But in True Detective executive producer Nic Pizzolatto’s world of urbane crime and corruption, everyone’s playing a part, making greater Los Angeles the perfect symbol and setting for their stories. Frank’s wife Jordan (Kelly Reilly) assures her husband that power suits him, even though he can’t stop second-guessing the venue he rented out to pitch city muckety-mucks on a high-speed California rail system, à la the East Coast’s Acela Express (or, if you prefer, Campbell Scott’s Seattle Supertrain from Singles). Meanwhile, highway motorcycle patrolman Paul Woodrugh’s (Taylor Kitsch’s) girlfriend thinks he’s a perma-erect macho man with irresistible mystique, when in reality, he needs half an hour in the bathroom and some Viagra to get hard and considers suicide after his boss puts him on administrative leave. (Dudes and their bikes.) Even Vinci city manager Ben Caspere, who’s supposed to be the credible face of Frank’s light-rail presentation, has gone missing, leading Velcoro and his partner Teague Dixon (W. Earl Brown) on an investigation that uncovers Caspere’s apparent predilection for extreme sexual kink. (Whatever floats your weird naked lady in a bowl of milk.)

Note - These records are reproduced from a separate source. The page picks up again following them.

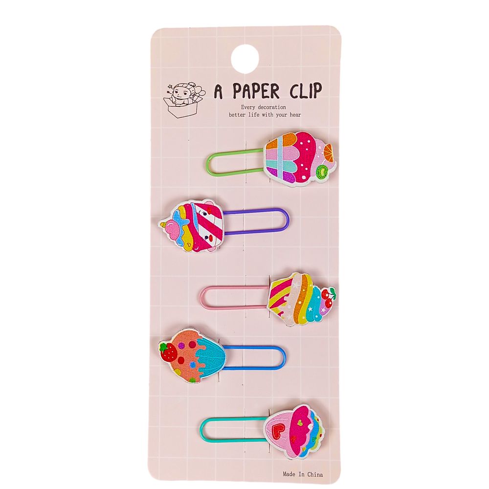 Закладки-скрепки с деревянным декором 5шт "Пирожные" Разноцветный Без бренда (13555)
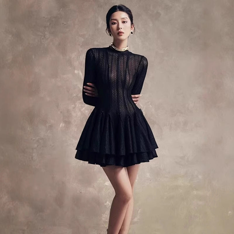 2025 Black Rolled Long Sleeve Dress Women's Puff
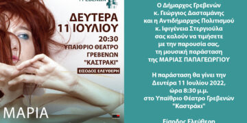 Read moreDetailsΣτο πλαίσιο των θερινών πολιτιστικών εκδηλώσεων του Δήμου Γρεβενών “Πολιτιστικό Καλοκαίρι 2022”, η Δημοτική Αρχή προσκαλεί όλες και όλους να τιμήσουν με την παρουσία τους την ξεχωριστή Γρεβενιώτισσα καλλιτέχνιδα Μαρία...
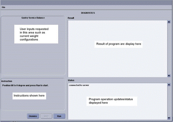 - Select Run to start the gantry balance procedure.note: Follow the on screen instructions exactly as stated. Failure to follow the steps may result in having to start the procedure from the beginning.
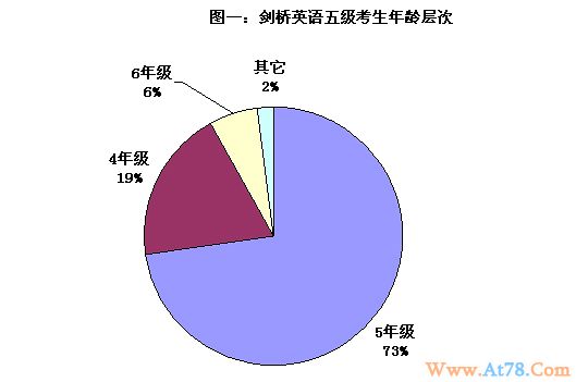 此次调研结果显示,从参加剑桥英语五级考试考生的年龄分布来看,5年级考生占到72%,4年级占19%,6年级占6%,其它年级占2%(见下图)。从这个数字不难看出,参加剑桥英语五级考试的主流人群是5年级的小学生。这个年龄段的学生比6年级的学生有时间、有精力,又比4年级的学生有积累、有能力,提早获得剑桥英语五级证书,是他们在小升初之战中必备的“武器”。从这个意义上说,5年级的小学生最适合参加剑桥英语五级的培训及考试,同时也是目前参加该项考试的主流人群。

And Salon’s Sonia Sariya notices that the show still has masculinity on its mind:

All the male characters in “The Western Book Of The Dead” struggle with different expressions of impotence—which might well compare to Pizzolatto’s own feelings of impotence, or might just be a smart-bro homage to the original smart bro, Ernest Hemingway. 15 minutes in, the episode offers up sex workers clad in the silly trappings of male fantasy—fishnets, plastic high heels, neon wigs. A few minutes later, Colin Farrell’s character Ray Velcoro walks with his partner into a missing man’s apartment, only to find it chock-full of dildos—strewn on the counters, literally, next to erotic paintings of women and a view of a naked woman bathing in a vat of milk. It’s exaggerated to the point of absurdity—an elaborate “f— you” to viewers of the show who found “True Detective”’s first season a little to self-consciously obsessed with sex, a little too indulgent of male feelings. Lest we have any doubts about Pizzolatto’s feelings towards the press, drunk and unstable Ray puts on a ski mask and beats the s— out of a senior staff writer that is too critical of a major business deal headed by Vince Vaughn’s Frank Semyon, a criminal boss trying to go legitimate. That’s a stance reflected in how all of our characters respond to criticism in just the first hour: Rachel McAdams’ tough cop Ani barely restrains murderous rage towards her “prick” father; Taylor Kitsch’s Paul Woodrugh responds to a formal reprimand by asking sharp questions about the hierarchy above him (when not getting dangerously self-destructive); and Ray, in the first few minutes, says with unearned swagger to a family lawyer: “I welcome judgment.” There are parts of this show that could be subtle, but this isn’t one of them.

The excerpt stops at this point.